Indeed, it often seems that some of the biggest leaps forward in science are arrived at tangentially, and this should encourage all of us to probe the literature of unrelated fields for information that may be applicable in new situations and dare to move our own research programs not just forward, but also sideways. In February 2011, through a serendipitous encounter, I learned about CRISPR, and my imagination was captured by this fascinating and elegant mechanism of microbial adaptive immunity. This path has taken me from the development of CRISPR-Cas9 for genome editing to the exploration of the expansive world of CRISPR-Cas systems and microbial diversity. It has been particularly exciting to witness how this technology has flourished through the contributions of so many talented scientists who share the same spirit of openness and generosity.

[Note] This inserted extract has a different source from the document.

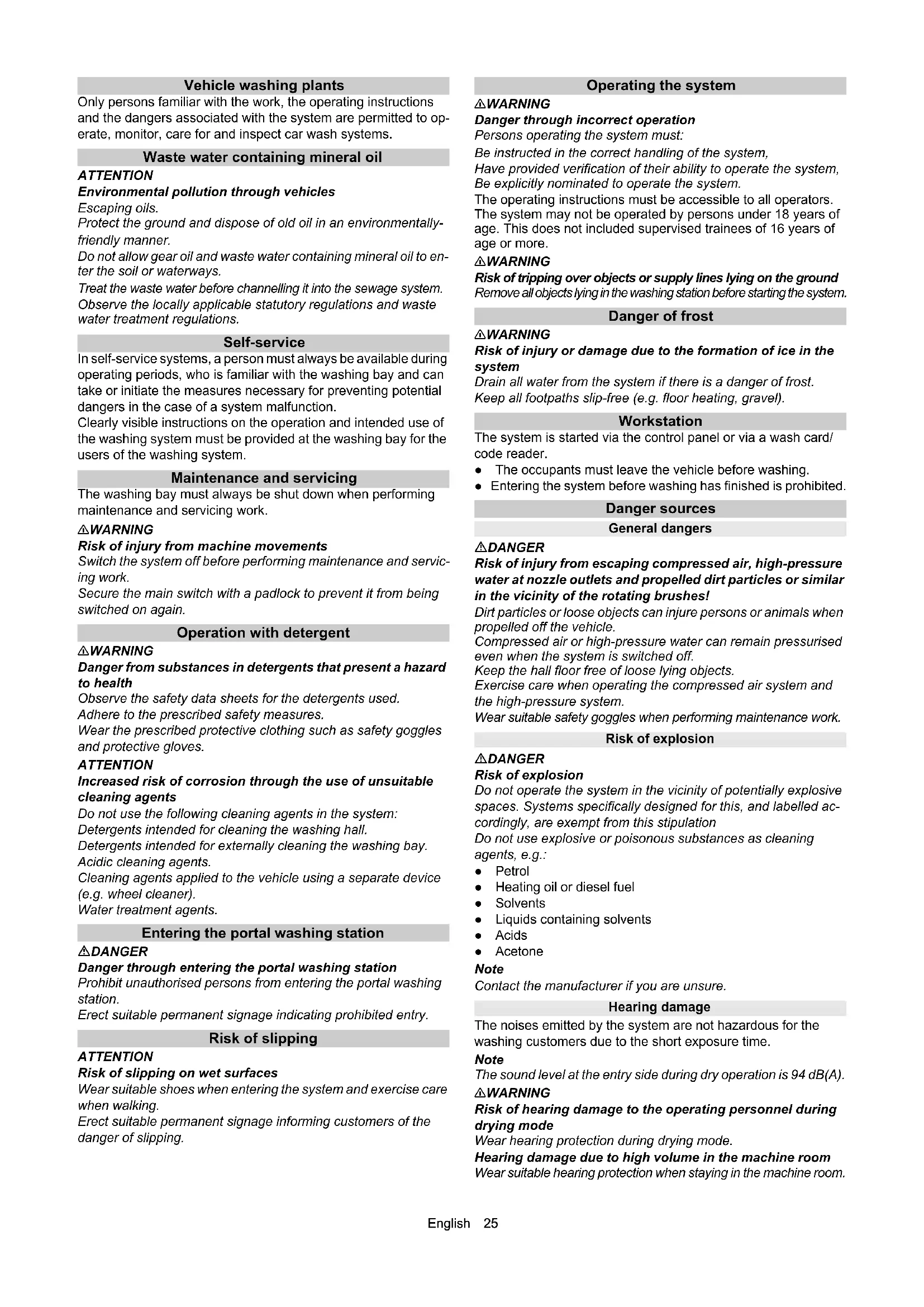 • Declaration of Conformity English 25 Vehicle washing plants Only persons familiar with the work, the operating instructions and the dangers associated with the system are permitted to op- erate, monitor, care for and inspect car wash systems. Waste water containing mineral oil ATTENTION Environmental pollution through vehicles Escaping oils. Protect the ground and dispose of old oil in an environmentally- friendly manner. Do not allow gear oil and waste water containing mineral oil to en- ter the soil or waterways. Treat the waste water before channelling it into the sewage system. Observe the locally applicable statutory regulations and waste water treatment regulations. Self-service In self-service systems, a person must always be available during operating periods, who is familiar with the washing bay and can take or initiate the measures necessary for preventing potential dangers in the case of a system malfunction. Clearly visible instructions on the operation and intended use of the washing system must be provided at the washing bay for the users of the washing system. Maintenance and servicing The washing bay must always be shut down when performing maintenance and servicing work. 몇 WARNING Risk of injury from machine movements Switch the system off before performing maintenance and servic- ing work. Secure the main switch with a padlock to prevent it from being switched on again. Operation with detergent 몇 WARNING Danger from substances in detergents that present a hazard to health Observe the safety data sheets for the detergents used. Adhere to the prescribed safety measures. Wear the prescribed protective clothing such as safety goggles and protective gloves. ATTENTION Increased risk of corrosion through the use of unsuitable cleaning agents Do not use the following cleaning agents in the system: Detergents intended for cleaning the washing hall. Detergents intended for externally cleaning the washing bay. Acidic cleaning agents. Cleaning agents applied to the vehicle using a separate device (e.g. wheel cleaner). Water treatment agents. Entering the portal washing station DANGER Danger through entering the portal washing station Prohibit unauthorised persons from entering the portal washing station. Erect suitable permanent signage indicating prohibited entry. Risk of slipping ATTENTION Risk of slipping on wet surfaces Wear suitable shoes when entering the system and exercise care when walking. Erect suitable permanent signage informing customers of the danger of slipping. Operating the system 몇 WARNING Danger through incorrect operation Persons operating the system must: Be instructed in the correct handling of the system, Have provided verification of their ability to operate the system, Be explicitly nominated to operate the system. The operating instructions must be accessible to all operators. The system may not be operated by persons under 18 years of age. This does not included supervised trainees of 16 years of age or more. 몇 WARNING Risk of tripping over objects or supply lines lying on the ground Remove all objects lying in the washing station before starting the system. Danger of frost 몇 WARNING Risk of injury or damage due to the formation of ice in the system Drain all water from the system if there is a danger of frost. Keep all footpaths slip-free (e.g. floor heating, gravel). Workstation The system is started via the control panel or via a wash card/ code reader. ● The occupants must leave the vehicle before washing. ● Entering the system before washing has finished is prohibited. Danger sources General dangers DANGER Risk of injury from escaping compressed air, high-pressure water at nozzle outlets and propelled dirt particles or similar in the vicinity of the rotating brushes! Dirt particles or loose objects can injure persons or animals when propelled off the vehicle. Compressed air or high-pressure water can remain pressurised even when the system is switched off. Keep the hall floor free of loose lying objects. Exercise care when operating the compressed air system and the high-pressure system. Wear suitable safety goggles when performing maintenance work. Risk of explosion DANGER Risk of explosion Do not operate the system in the vicinity of potentially explosive spaces. Systems specifically designed for this, and labelled ac- cordingly, are exempt from this stipulation Do not use explosive or poisonous substances as cleaning agents, e.g.: ● Petrol ● Heating oil or diesel fuel ● Solvents ● Liquids containing solvents ● Acids ● Acetone Note Contact the manufacturer if you are unsure. Hearing damage The noises emitted by the system are not hazardous for the washing customers due to the short exposure time. Note The sound level at the entry side during dry operation is 94 dB(A). 몇 WARNING Risk of hearing damage to the operating personnel during drying mode Wear hearing protection during drying mode. Hearing damage due to high volume in the machine room Wear suitable hearing protection when staying in the machine room.26 English Electrical hazards DANGER Danger of electric shock Never touch electrical components and cables with wet hands. Ensure that the electrical connection cables or extension cable are not damaged by being driven over, crushed, yanked or similar. Protect the cables from heat, oil and sharp edges. Never point a water jet at electrical devices or systems. Protect all live components in the work area from water jets. Connect the system only to correctly earthed power sources. Allow only qualified electricians to work on electrical components of the system. Substances harmful to health DANGER Danger due to harmful substances Be sure to observe the information and notes provided with the detergent. Never drink water expelled from the system! The water is not of drinking water quality due to the added cleaning agents. Observe the anti-bacterial regulations of the treatment system manu- facturer when using processe

This is a time of plenty for curious biologists – we have only glimpsed a tiny sliver of the diversity of life at the molecular level, and every few months, new genetic ‘wonders’ are reported: plankton with shattered chromosomes (Blanc-Mathieu et al., 2017), lamprey genome rearrangements (Smith et al., 2018), phage-encoded diversity generating retroelements (Doulatov et al., 2004; Benler et al., 2018), and marine microorganisms that use novel DNA repair systems (Deng et al., 2018). Each natural system tempts us to explore new paths, determining the mechanism and function behind these systems, and opening new opportunities to tinker, ultimately leading to a healthier and more sustainable future.